Range to repeat from the listing below: the line containing "证券研究报告:策略报告发布时" down to the line containing "Come configurare i", both included. Copy it exactly, pictures excluded, and add nothing else.

DATA →
- - -
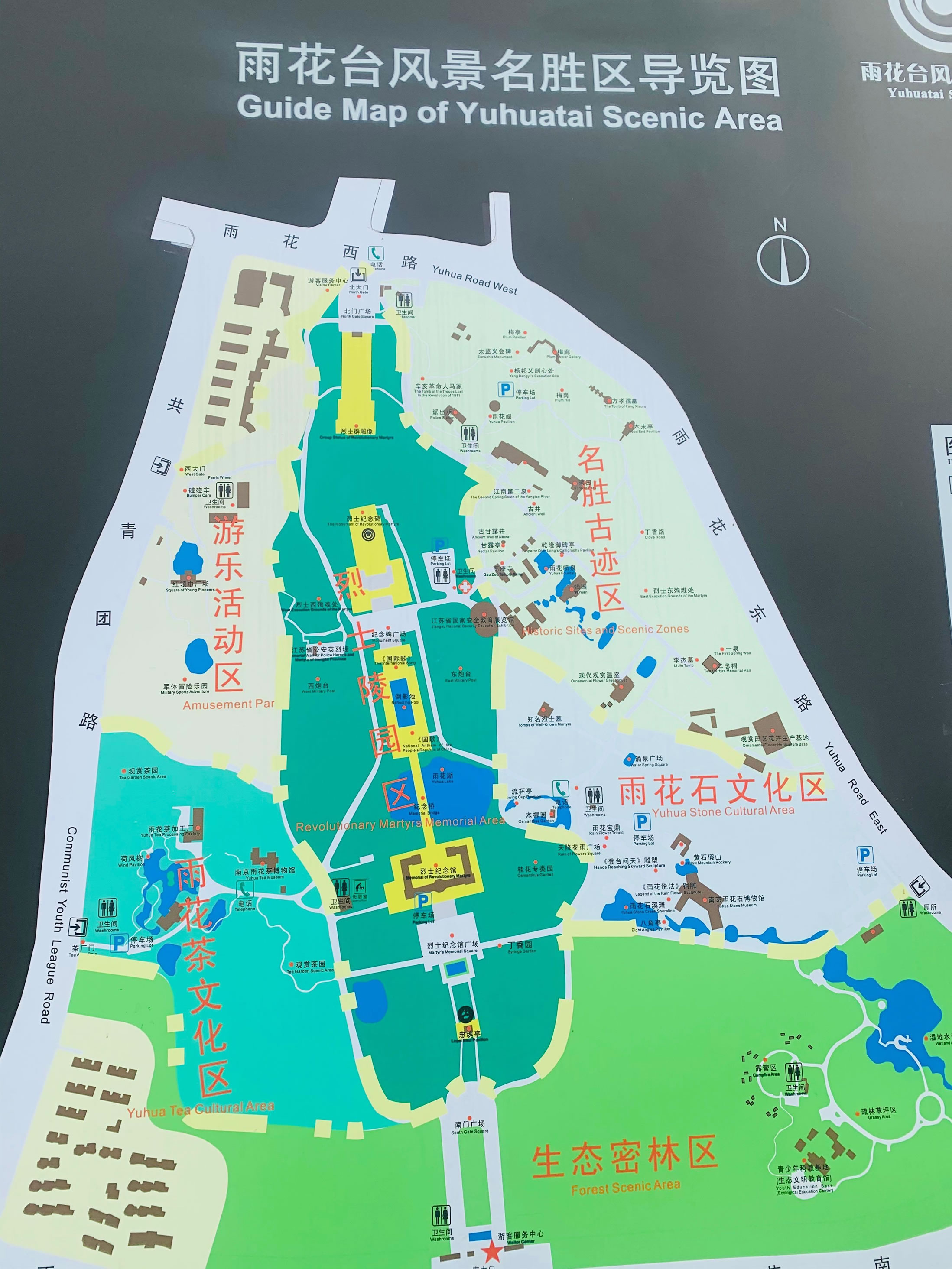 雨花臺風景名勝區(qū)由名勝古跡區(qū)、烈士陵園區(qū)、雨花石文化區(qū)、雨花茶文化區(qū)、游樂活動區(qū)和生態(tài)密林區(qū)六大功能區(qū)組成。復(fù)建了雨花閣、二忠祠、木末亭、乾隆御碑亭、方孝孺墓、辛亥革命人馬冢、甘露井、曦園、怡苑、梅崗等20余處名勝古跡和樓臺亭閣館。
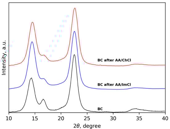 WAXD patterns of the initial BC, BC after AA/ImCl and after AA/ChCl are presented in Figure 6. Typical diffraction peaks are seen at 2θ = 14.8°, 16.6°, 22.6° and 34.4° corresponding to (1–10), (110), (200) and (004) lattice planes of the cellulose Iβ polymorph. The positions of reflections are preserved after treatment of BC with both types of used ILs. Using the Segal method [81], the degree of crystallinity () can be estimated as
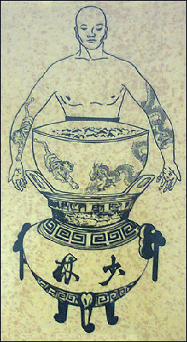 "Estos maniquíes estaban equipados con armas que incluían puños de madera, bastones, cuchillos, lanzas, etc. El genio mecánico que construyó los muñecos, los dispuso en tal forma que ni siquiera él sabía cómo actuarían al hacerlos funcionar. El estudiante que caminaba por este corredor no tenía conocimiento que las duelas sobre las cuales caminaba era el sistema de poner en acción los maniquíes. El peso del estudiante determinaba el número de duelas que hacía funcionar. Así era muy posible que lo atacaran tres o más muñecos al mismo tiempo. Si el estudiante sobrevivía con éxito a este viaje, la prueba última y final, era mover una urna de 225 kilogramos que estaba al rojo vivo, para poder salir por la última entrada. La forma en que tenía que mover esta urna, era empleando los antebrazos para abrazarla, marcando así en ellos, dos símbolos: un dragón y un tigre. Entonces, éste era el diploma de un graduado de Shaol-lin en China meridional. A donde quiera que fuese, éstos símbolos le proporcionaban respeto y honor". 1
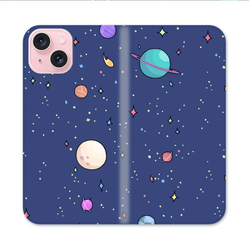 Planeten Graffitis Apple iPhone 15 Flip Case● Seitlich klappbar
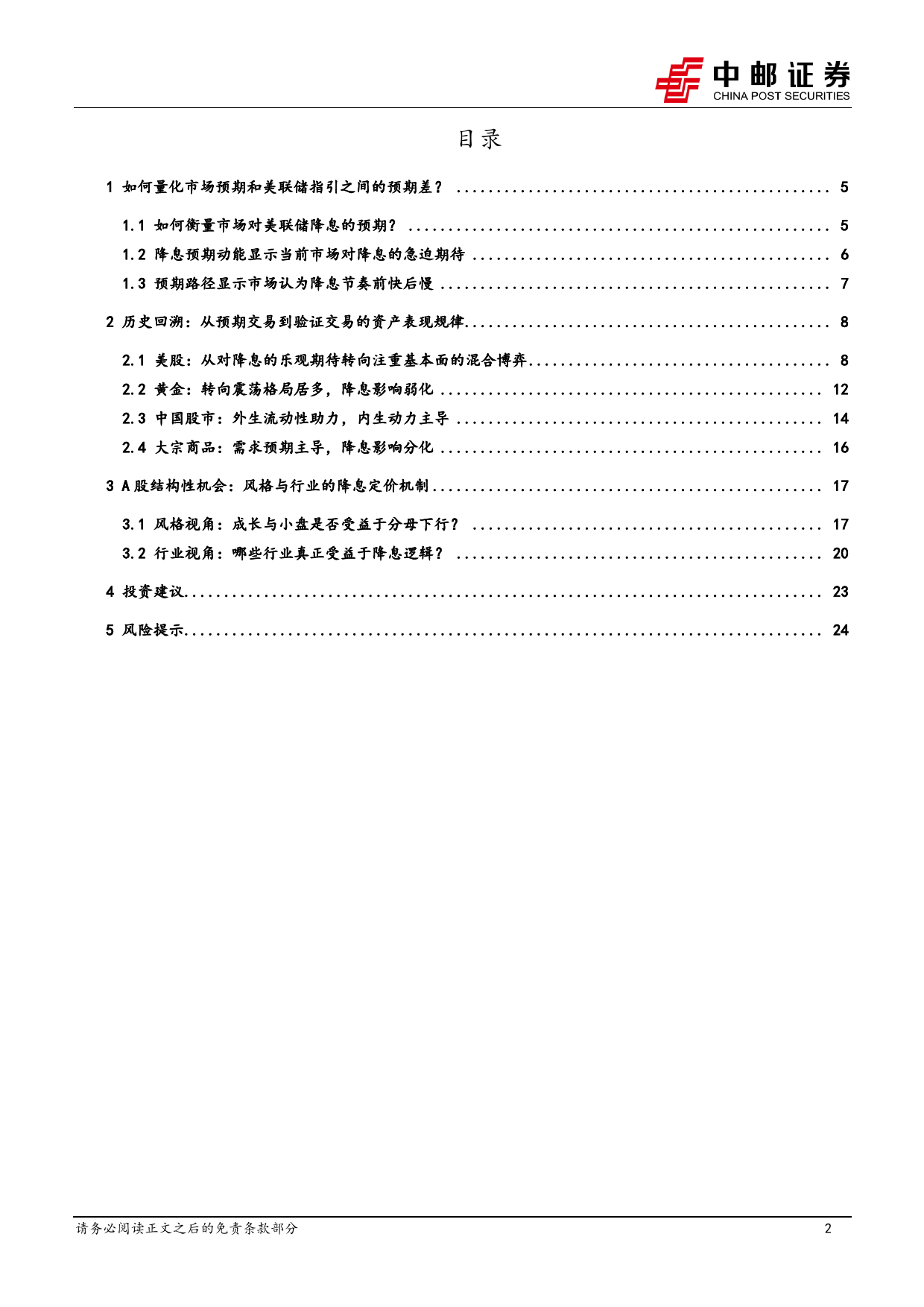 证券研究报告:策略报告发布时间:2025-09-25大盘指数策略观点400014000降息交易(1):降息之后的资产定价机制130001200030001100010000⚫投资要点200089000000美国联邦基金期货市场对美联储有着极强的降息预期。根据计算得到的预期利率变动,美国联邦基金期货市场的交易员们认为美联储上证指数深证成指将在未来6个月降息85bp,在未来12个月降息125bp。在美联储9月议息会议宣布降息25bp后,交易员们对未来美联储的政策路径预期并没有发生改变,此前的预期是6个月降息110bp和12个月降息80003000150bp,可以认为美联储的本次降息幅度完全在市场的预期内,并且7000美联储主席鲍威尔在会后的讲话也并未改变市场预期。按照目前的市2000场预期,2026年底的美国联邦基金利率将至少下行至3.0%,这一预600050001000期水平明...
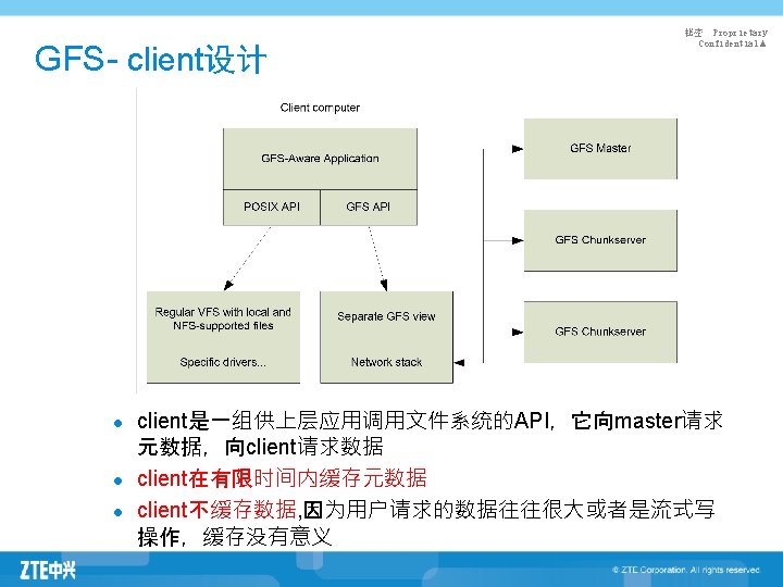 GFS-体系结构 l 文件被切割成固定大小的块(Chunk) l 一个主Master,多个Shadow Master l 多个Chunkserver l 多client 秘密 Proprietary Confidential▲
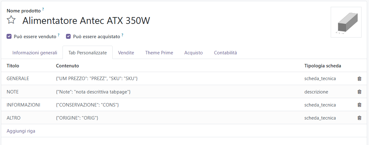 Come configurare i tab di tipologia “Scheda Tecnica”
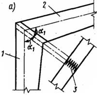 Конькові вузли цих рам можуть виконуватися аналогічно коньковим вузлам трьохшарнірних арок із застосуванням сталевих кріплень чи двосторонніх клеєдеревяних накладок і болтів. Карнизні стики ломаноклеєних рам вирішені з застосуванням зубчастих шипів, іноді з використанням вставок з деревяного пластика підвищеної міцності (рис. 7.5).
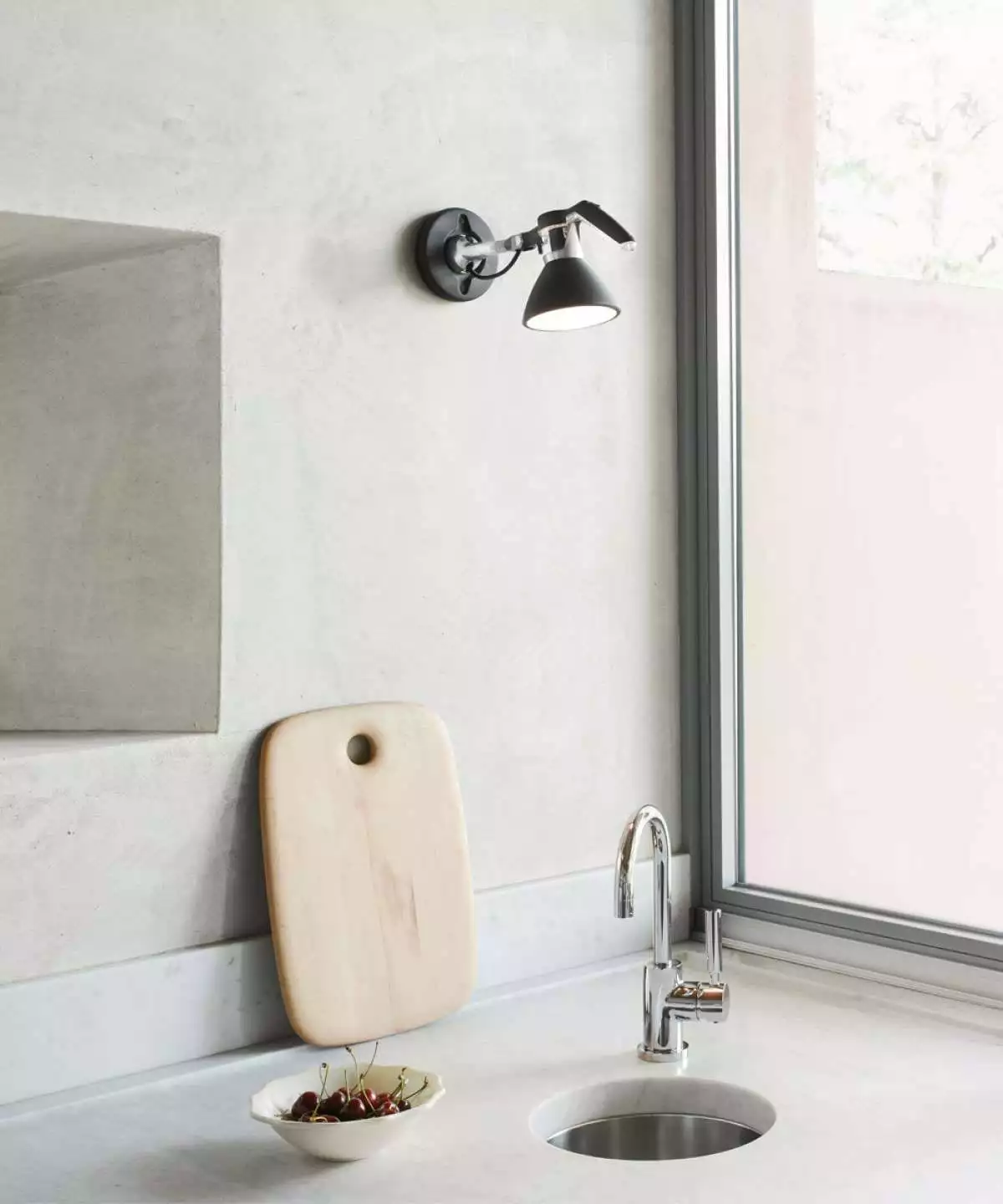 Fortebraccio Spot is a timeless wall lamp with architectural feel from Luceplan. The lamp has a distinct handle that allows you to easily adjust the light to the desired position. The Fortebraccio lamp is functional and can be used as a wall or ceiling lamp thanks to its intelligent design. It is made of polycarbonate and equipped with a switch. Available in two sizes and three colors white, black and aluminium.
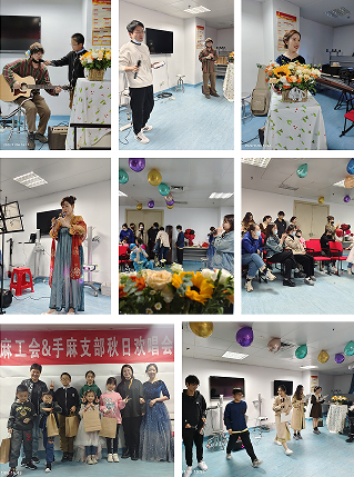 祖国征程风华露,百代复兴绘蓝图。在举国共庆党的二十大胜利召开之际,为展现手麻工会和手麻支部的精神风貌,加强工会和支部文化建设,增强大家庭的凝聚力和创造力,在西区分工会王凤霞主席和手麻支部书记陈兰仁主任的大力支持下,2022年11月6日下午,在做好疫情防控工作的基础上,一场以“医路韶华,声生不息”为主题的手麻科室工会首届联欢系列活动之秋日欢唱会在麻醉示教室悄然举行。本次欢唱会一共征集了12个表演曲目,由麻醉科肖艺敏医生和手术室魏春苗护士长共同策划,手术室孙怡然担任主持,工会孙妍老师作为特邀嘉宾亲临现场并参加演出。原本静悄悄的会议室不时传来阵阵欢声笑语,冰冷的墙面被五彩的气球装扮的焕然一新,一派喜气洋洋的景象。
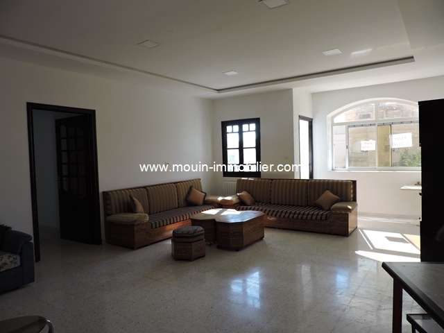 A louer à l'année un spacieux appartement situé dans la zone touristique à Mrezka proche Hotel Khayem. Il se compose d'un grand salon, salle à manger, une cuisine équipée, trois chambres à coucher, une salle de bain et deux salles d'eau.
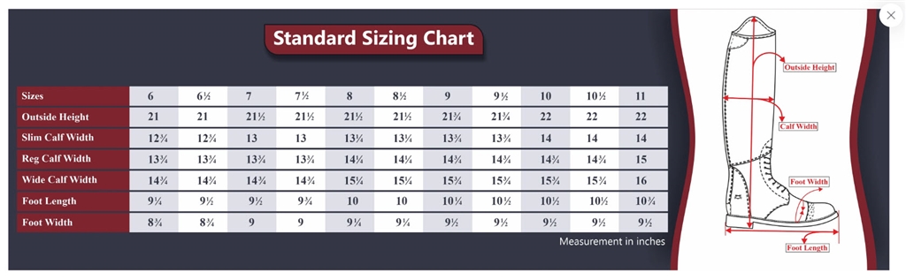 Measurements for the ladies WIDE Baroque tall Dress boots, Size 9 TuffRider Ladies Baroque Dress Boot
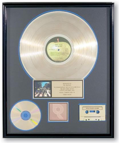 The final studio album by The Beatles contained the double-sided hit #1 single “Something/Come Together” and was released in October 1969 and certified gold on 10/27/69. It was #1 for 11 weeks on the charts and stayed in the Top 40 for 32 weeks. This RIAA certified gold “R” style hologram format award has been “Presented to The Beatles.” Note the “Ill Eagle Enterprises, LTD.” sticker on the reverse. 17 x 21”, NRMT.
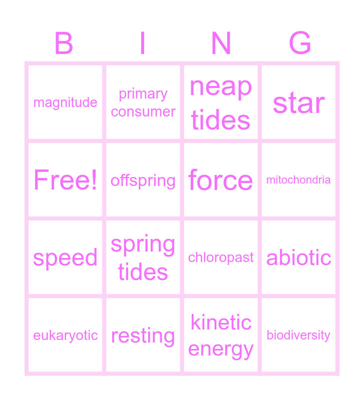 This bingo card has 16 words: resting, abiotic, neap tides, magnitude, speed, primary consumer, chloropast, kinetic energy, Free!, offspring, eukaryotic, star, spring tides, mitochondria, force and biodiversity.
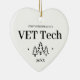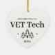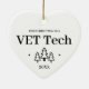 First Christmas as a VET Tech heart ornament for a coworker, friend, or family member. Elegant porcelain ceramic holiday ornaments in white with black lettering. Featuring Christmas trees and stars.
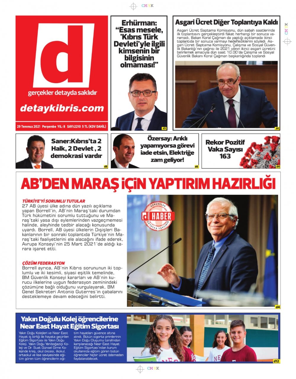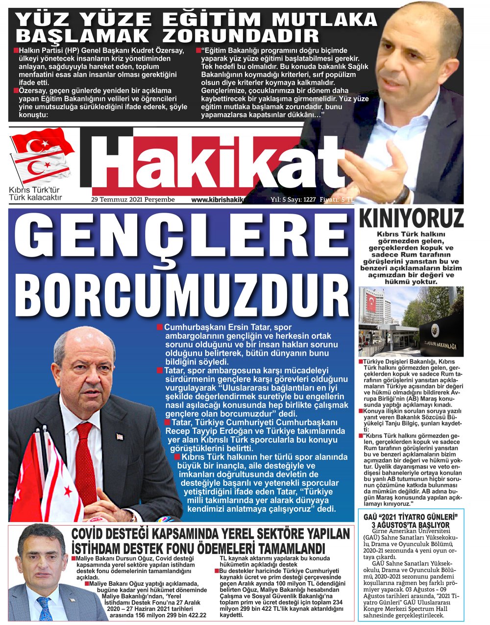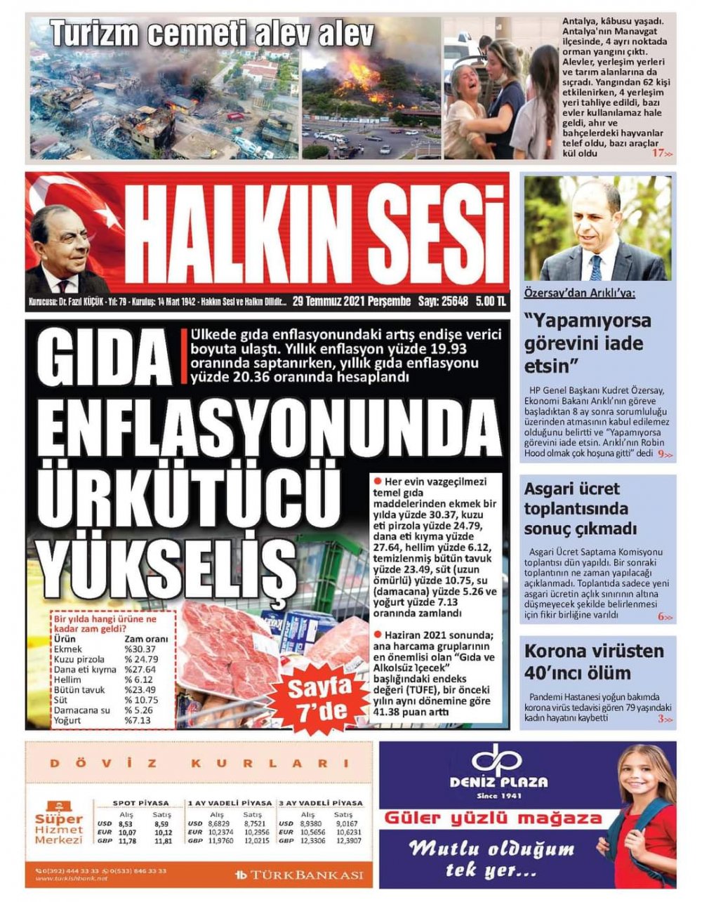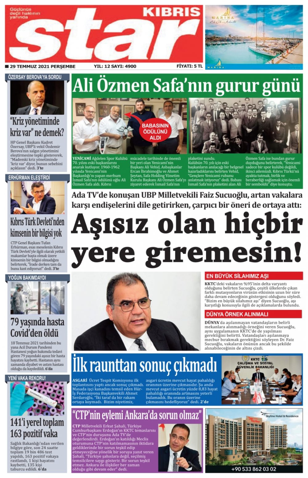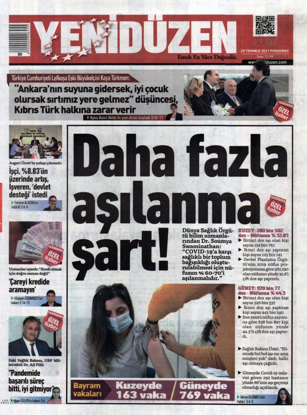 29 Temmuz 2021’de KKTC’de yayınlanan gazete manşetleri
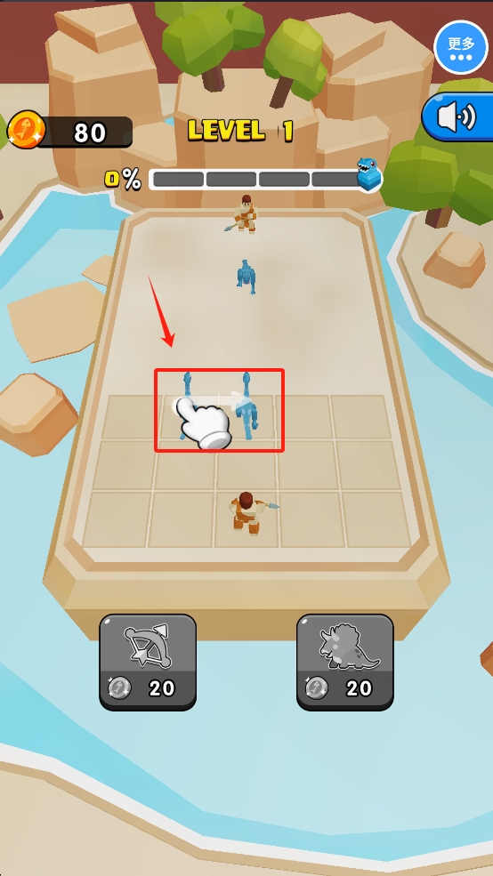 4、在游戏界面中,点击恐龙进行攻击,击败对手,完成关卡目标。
- - -
WRITTEN REPLY →
 证券研究报告:策略报告发布时间:2025-09-25大盘指数策略观点400014000降息交易(1):降息之后的资产定价机制130001200030001100010000⚫投资要点200089000000美国联邦基金期货市场对美联储有着极强的降息预期。根据计算得到的预期利率变动,美国联邦基金期货市场的交易员们认为美联储上证指数深证成指将在未来6个月降息85bp,在未来12个月降息125bp。在美联储9月议息会议宣布降息25bp后,交易员们对未来美联储的政策路径预期并没有发生改变,此前的预期是6个月降息110bp和12个月降息80003000150bp,可以认为美联储的本次降息幅度完全在市场的预期内,并且7000美联储主席鲍威尔在会后的讲话也并未改变市场预期。按照目前的市2000场预期,2026年底的美国联邦基金利率将至少下行至3.0%,这一预600050001000期水平明...
 GFS-体系结构 l 文件被切割成固定大小的块(Chunk) l 一个主Master,多个Shadow Master l 多个Chunkserver l 多client 秘密 Proprietary Confidential▲
 Come configurare i tab di tipologia “Scheda Tecnica”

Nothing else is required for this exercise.